[[ SOURCE DATA, beginning ]]

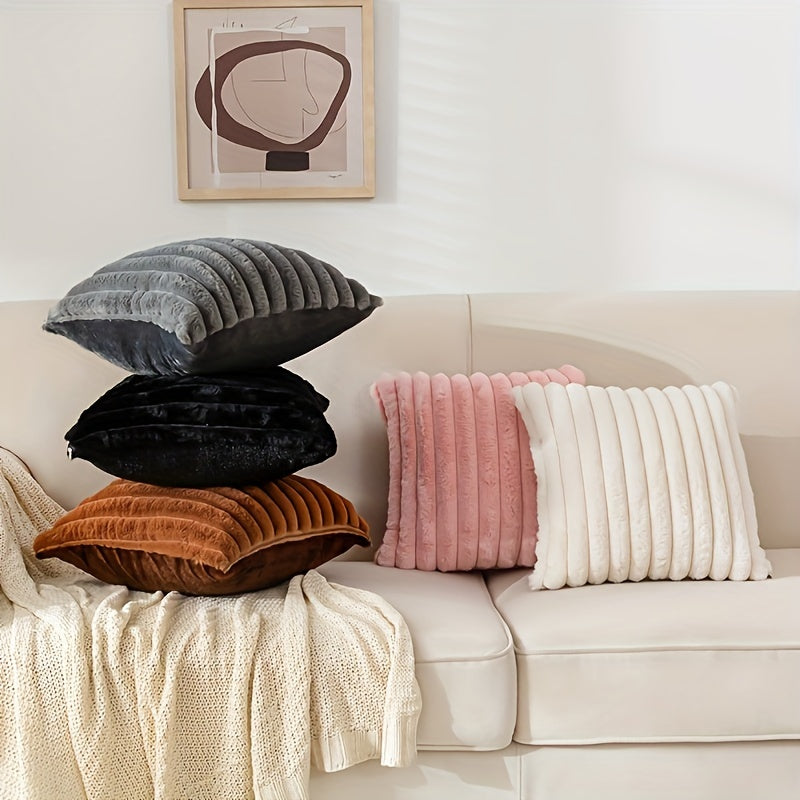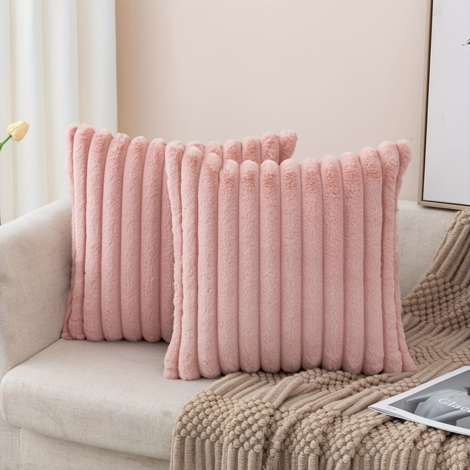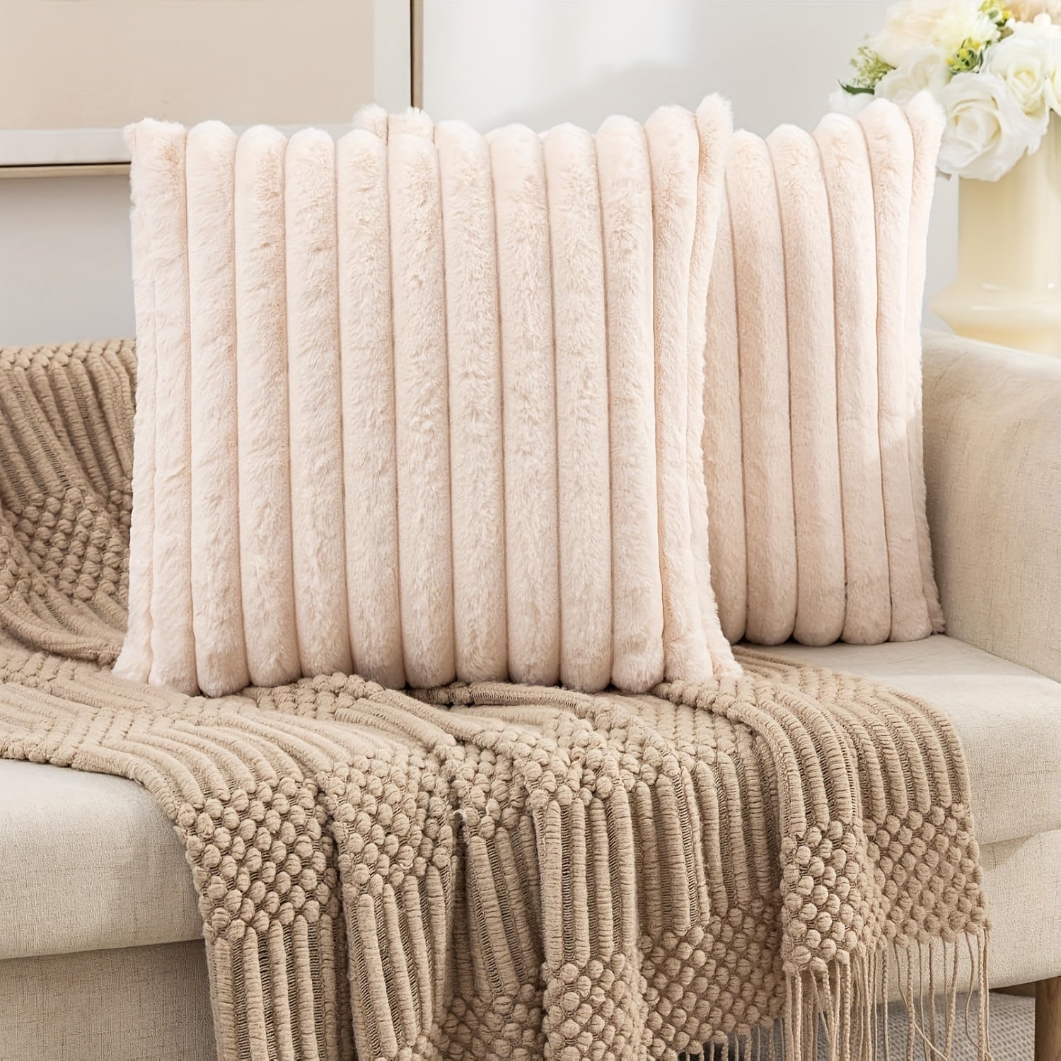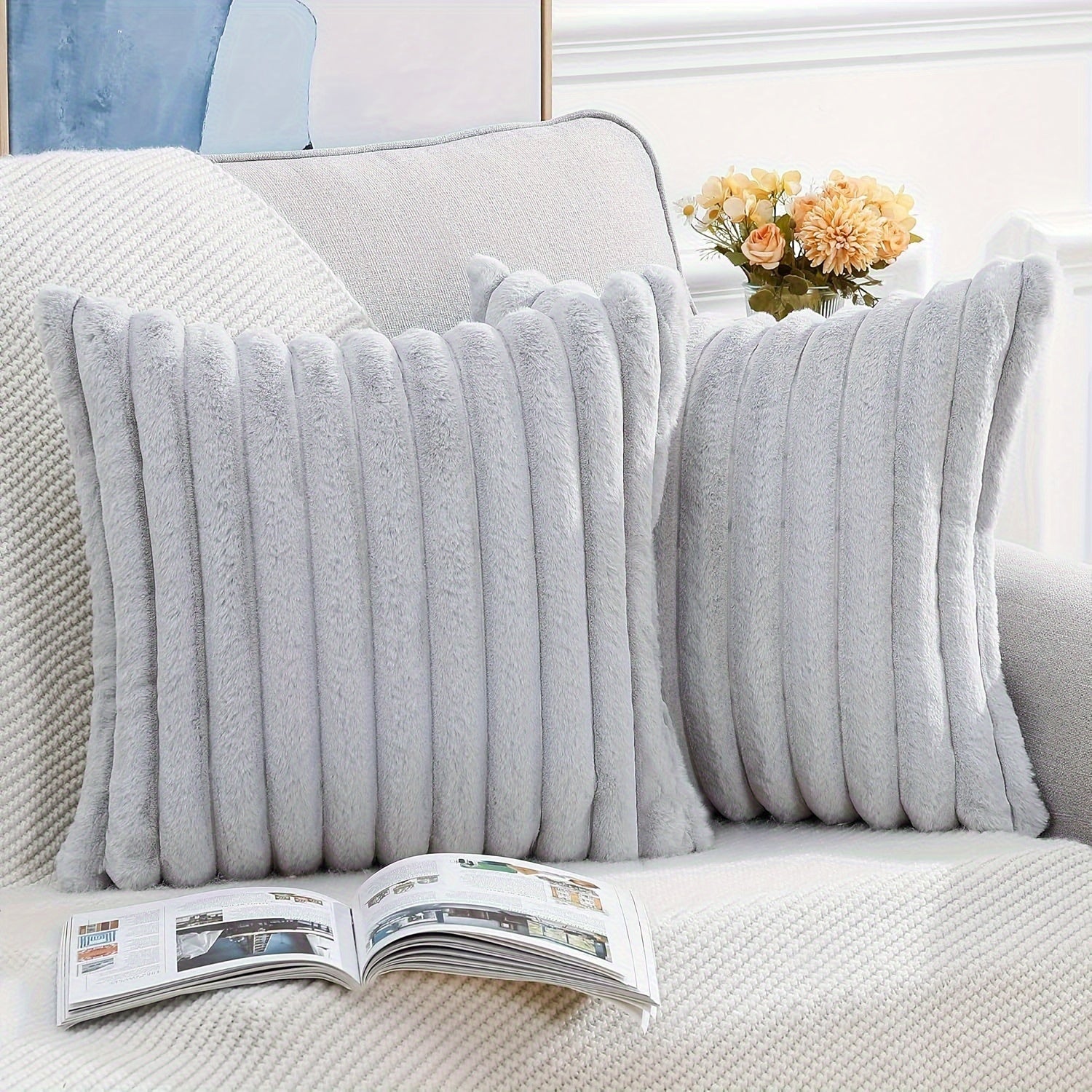 Роскошные подушки с полосатым искусственным мехом для дивана или софы - набор из 2 штук.
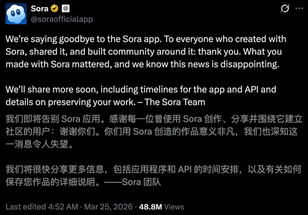 OpenAI刚刚砍掉了Sora视频生成项目,4月26日关停网页和App,算力和工程资源全部重新分配到coding和企业产品。
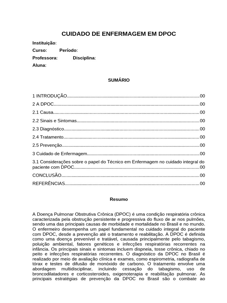 Cuidados de Enfermagem na DPOC | PDF | Doença de obstrução pulmonar ...

[[ SOURCE DATA, end ]]

**TASK OBJECTIVE:** Line by line, reproduce exactly the lines from the one containing "OpenAI刚刚砍掉了Sor" through the final line of the material, both included, leaving every picture out.

**ANSWER FOR THIS EXERCISE:**
 OpenAI刚刚砍掉了Sora视频生成项目,4月26日关停网页和App,算力和工程资源全部重新分配到coding和企业产品。
 Cuidados de Enfermagem na DPOC | PDF | Doença de obstrução pulmonar ...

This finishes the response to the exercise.